Mortgage Renewals Expected to be a Competitive Market for Canadian Banks
The heads of Canada’s top banks are expecting many mortgage holders to be able to renew at lower rates over the next two years as lenders compete for a larger share of the market.
Royal Bank of Canada (RBC) CEO Dave McKay Predicts 60% Renewal Rate at Lower Rates
Royal Bank of Canada chief executive Dave McKay said that 60 per cent of the bank’s customers will renew at lower rates in 2025. Of those who will renew at higher rates, he stated that 80 per cent will meet the requirements of the industry’s mortgage payment stress test, which essentially means they can manage to make higher payments.
Mortgage Payment Stress Test: A Crucial Factor in Mortgage Renewals
The mortgage payment stress test is a crucial factor in determining whether a borrower can afford their mortgage payments. The test ensures that borrowers have sufficient income to meet their debt obligations and maintain their current standard of living. While some analysts argue that the test has become too stringent, McKay’s comments suggest that it remains an effective tool for lenders.

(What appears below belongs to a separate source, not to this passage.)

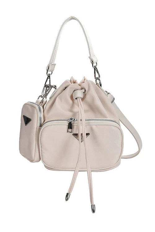 A timeless, ageless miniature bucket bag that can be taken from day to night. Perfect for carrying your bare necessities.  Detachable / adjustable strap handle for length and crossbody use.  Detachable / adjustable shoulder strap,Removable nylon pouch with zipper and Re-Edition,keychain ,Metal hardware ,metal triangle on the front , Front pocket with zipper, nylon lining, Adjustable strap, and drawstring closure , Inside pockets
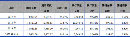 截止2020年9月21日,报告期各期末,艾隆科技的应收账款回款比例分别为85.27%、73.67%、40.56%、14.81%,期后回款比例较低。

Toronto-Dominion Bank (TD) Invests in Mortgage Operations
Toronto-Dominion Bank has made several investments to boost its mortgage operations, including bringing in mortgage specialists at its branches across the country. TD CEO Bharat Masrani stated that the bank is "confident" of a high renewal rate and is preparing for an active season.
Why a Mortgage War Could be Looming
About 55 per cent of all mortgages with Canadian banks are expected to be renewed in the next two fiscal years, while 85 per cent will be renewed in the next three fiscal years. These factors could lead to a mortgage war, RBC analysts said in a note in November, as Canadians hunt for lower rates and banks look to improve their existing market share.

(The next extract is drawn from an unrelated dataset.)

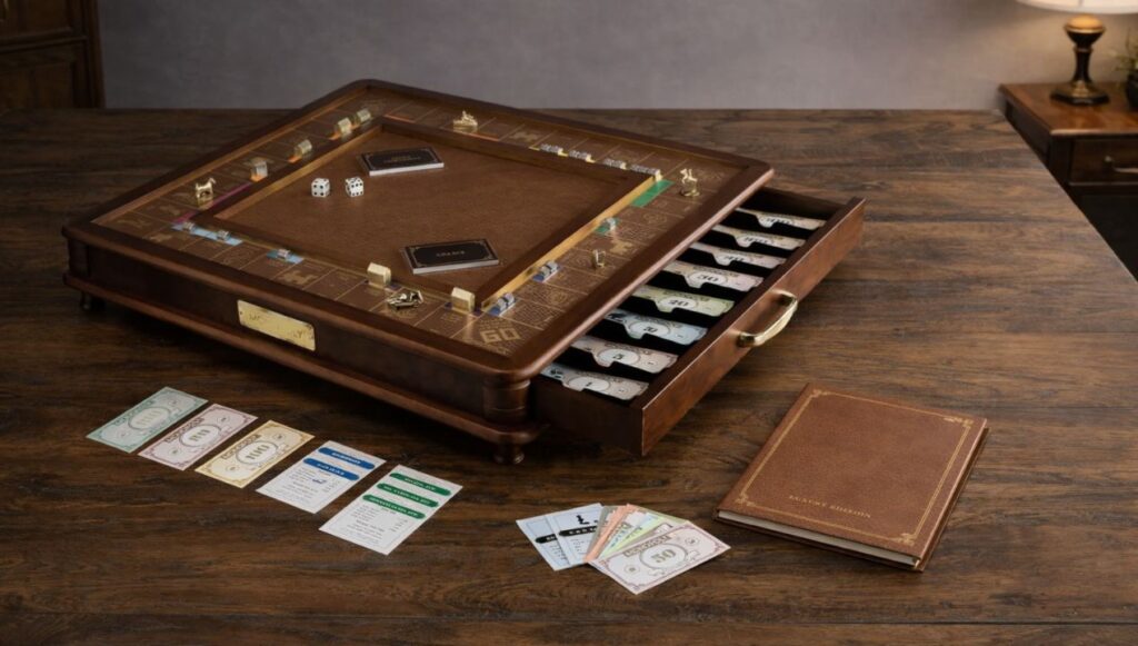 Er zijn meerdere luxe Monopoly-edities op de markt geweest, vaak met een hogere prijs en een paar extra details. Denk aan leren speelborden of speciale thema-uitgaven. Wat hier anders is, is de samenhang. Alles klopt met elkaar. Niets voelt als een los toegevoegd luxe-element.

Canadian Imperial Bank of Commerce (CIBC) CEO Victor Dodis: Renewal Rate Expected to be High
Canadian Imperial Bank of Commerce chief executive Victor Dodis stated that his bank expects to renew about 200,000-plus mortgages in each of the next three years. He also emphasized that CIBC has a process in place to reach out to its clients five months before renewal and has invested in digital processes such as mobile mortgage advisers.
What Does this Mean for Canadian Homeowners?
As lenders compete fiercely for market share, Canadian homeowners may find themselves with more negotiating power than ever before. With lower rates expected to be available, borrowers may be able to secure better deals on their mortgages. However, it’s essential for homeowners to carefully evaluate their options and choose a lender that best meets their needs.
Conclusion
The upcoming mortgage renewal season is shaping up to be a highly competitive market for Canadian banks. As lenders compete fiercely for market share, Canadian homeowners may find themselves with more negotiating power than ever before. It remains to be seen how the competition will play out, but one thing is certain: it’s an exciting time for those in the market.
Key Takeaways
- 60 per cent of RBC customers are expected to renew at lower rates in 2025.
- TD has invested in mortgage operations, including bringing in mortgage specialists.
- CIBC expects to renew about 200,000-plus mortgages in each of the next three years.
- A mortgage war could be looming as lenders compete for market share.
Recommended Reading
- The best mortgage rates in Canada right now
- Will mortgage rates keep drifting lower?
By staying informed and up-to-date on the latest developments, Canadian homeowners can make informed decisions about their mortgage renewals.